Advertising has fascinated me since I studied psychology and sociology in the 70s, especially the areas of behavioural impact of perception, psychological programming and psychological reactance.
Subliminal advertising was the first, but now widely illegal form of advertising (less illegal in the USA where it still crops up from time to time) that made me aware of how to manipulate audiences. Audiences are flashed messages for about 0.003 seconds on e.g. a TV or cinema screen that we can't pick up in our conscious mind but are picked up by our deeper subconscious mind which is why back in the fifties cinema audiences were all desperate to buy a burger, an ice cream or a drink without suspecting they'd been programmed to do it.
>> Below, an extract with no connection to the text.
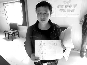 23号选房者崔国锋自制的备选攻略。 本报记者 陈晨 摄

Obviously they just assumed it was a natural desire.
Nowadays, advertising is regulated in most countries a number of areas including false advertising i.e. making false claims about a product which is actually untrue, puffery (not illegal to claim that you e.g. make a better pizza than the competition as it's subjective) editing photos of e.g. people in weight loss adverts to make them look thinner than they are in reality, omitting key information, hidden fees/costs, oversize packaging, misleading health claims, failure to point out risk etc etc but there are still huge problems that need to be addressed.
Two main issues for me are 1) that prosecutions for lying in advertising are few and far between. Usually the people behind them are so rich and powerful (Murdoch for example) that prosecution is simply not affordable and 2) that in the absence of prosecution or penalty advertisers are increasingly publishing/screening outright lies as fact and as their worst possible outcome is being told to remove the ads they still win because the damage has been done and can't be undone.
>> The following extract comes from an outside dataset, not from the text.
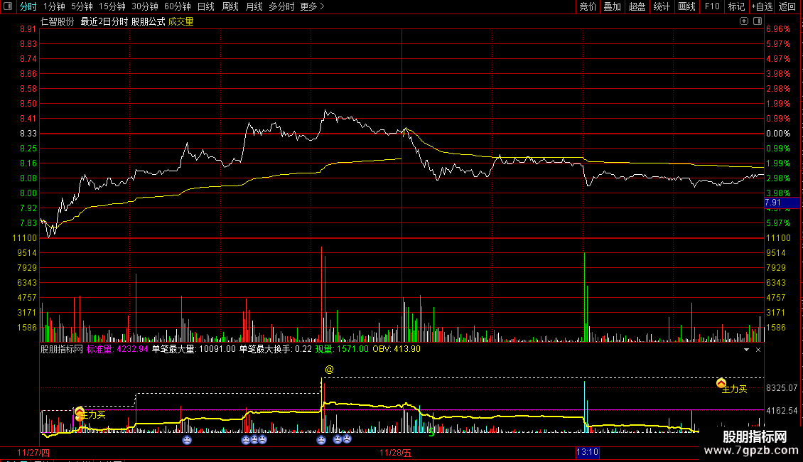 通达信分时量化量+机构量化分时机构与散户资金分时博弈副图指标

I banged on about this in the B-word thread so I won't revisit that but given that advertisers now have greater consumer reach, greater ability to "push" adverts and more information about consumers than ever before in history thanks to the internet and especially social media I really hope that society can somehow find a way - and the balls - to get a grip of advertising before our ideas, opinions and lifestyles are completely controlled by the global corporations who employ these techniques to the greatest effect and nowadays to sell a lot more than products and services.
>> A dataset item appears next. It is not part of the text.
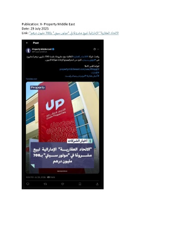 Publication: X- Property Middle East Date: 29 July 2025 ن ً ر Link: " مهرد نويلم 700ـب "تيس روتوم" ف اعوشم عيبت ةيتاراملإا "ةيراقعلا داحتلاا ي ي

The problem is rooted in ourselves though due to psychological reactance. Reactance is the fear of having our behavioural freedoms limited or curtailed by external forces - effectively removing our freedom of choice - so in a way society tends to tolerate more than it should having our opinions and behaviours manipulated by others because fundamentally, nobody likes to admit they were manipulated even if they recognise it has happened.
And the entire raison d'etre of advertising is to do just that - manipulate us, ideally without us even knowing it has happened.